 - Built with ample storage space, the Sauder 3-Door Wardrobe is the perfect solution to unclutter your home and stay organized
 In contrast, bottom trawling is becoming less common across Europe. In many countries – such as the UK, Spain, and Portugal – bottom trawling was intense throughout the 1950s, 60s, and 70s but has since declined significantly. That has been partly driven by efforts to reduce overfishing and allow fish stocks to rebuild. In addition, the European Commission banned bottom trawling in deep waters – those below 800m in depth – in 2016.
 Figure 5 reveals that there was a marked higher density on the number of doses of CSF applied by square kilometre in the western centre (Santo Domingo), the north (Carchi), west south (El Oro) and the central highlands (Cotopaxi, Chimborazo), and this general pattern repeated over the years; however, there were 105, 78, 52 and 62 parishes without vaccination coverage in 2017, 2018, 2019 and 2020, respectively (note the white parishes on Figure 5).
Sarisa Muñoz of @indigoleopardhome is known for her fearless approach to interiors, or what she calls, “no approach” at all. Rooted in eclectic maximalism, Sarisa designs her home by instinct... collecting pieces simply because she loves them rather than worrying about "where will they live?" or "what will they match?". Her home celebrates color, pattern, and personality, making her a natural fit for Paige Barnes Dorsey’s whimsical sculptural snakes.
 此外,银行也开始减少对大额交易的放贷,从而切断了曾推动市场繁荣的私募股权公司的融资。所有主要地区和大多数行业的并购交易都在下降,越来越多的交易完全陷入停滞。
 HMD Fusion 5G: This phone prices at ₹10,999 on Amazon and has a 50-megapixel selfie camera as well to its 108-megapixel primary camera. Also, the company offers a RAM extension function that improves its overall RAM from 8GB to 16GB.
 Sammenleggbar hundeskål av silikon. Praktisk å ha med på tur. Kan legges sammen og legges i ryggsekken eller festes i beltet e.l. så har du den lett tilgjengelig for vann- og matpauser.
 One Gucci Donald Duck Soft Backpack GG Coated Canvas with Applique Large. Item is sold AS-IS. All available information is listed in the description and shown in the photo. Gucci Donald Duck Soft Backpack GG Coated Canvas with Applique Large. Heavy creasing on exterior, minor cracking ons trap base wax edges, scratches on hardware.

══════

**EXERCISE BRIEF:**
Every record above should be output exactly.

**OUTPUT FOR THIS EXERCISE:**
 - Built with ample storage space, the Sauder 3-Door Wardrobe is the perfect solution to unclutter your home and stay organized
 In contrast, bottom trawling is becoming less common across Europe. In many countries – such as the UK, Spain, and Portugal – bottom trawling was intense throughout the 1950s, 60s, and 70s but has since declined significantly. That has been partly driven by efforts to reduce overfishing and allow fish stocks to rebuild. In addition, the European Commission banned bottom trawling in deep waters – those below 800m in depth – in 2016.
 Figure 5 reveals that there was a marked higher density on the number of doses of CSF applied by square kilometre in the western centre (Santo Domingo), the north (Carchi), west south (El Oro) and the central highlands (Cotopaxi, Chimborazo), and this general pattern repeated over the years; however, there were 105, 78, 52 and 62 parishes without vaccination coverage in 2017, 2018, 2019 and 2020, respectively (note the white parishes on Figure 5).
Sarisa Muñoz of @indigoleopardhome is known for her fearless approach to interiors, or what she calls, “no approach” at all. Rooted in eclectic maximalism, Sarisa designs her home by instinct... collecting pieces simply because she loves them rather than worrying about "where will they live?" or "what will they match?". Her home celebrates color, pattern, and personality, making her a natural fit for Paige Barnes Dorsey’s whimsical sculptural snakes.
 此外,银行也开始减少对大额交易的放贷,从而切断了曾推动市场繁荣的私募股权公司的融资。所有主要地区和大多数行业的并购交易都在下降,越来越多的交易完全陷入停滞。
 HMD Fusion 5G: This phone prices at ₹10,999 on Amazon and has a 50-megapixel selfie camera as well to its 108-megapixel primary camera. Also, the company offers a RAM extension function that improves its overall RAM from 8GB to 16GB.
 Sammenleggbar hundeskål av silikon. Praktisk å ha med på tur. Kan legges sammen og legges i ryggsekken eller festes i beltet e.l. så har du den lett tilgjengelig for vann- og matpauser.
 One Gucci Donald Duck Soft Backpack GG Coated Canvas with Applique Large. Item is sold AS-IS. All available information is listed in the description and shown in the photo. Gucci Donald Duck Soft Backpack GG Coated Canvas with Applique Large. Heavy creasing on exterior, minor cracking ons trap base wax edges, scratches on hardware.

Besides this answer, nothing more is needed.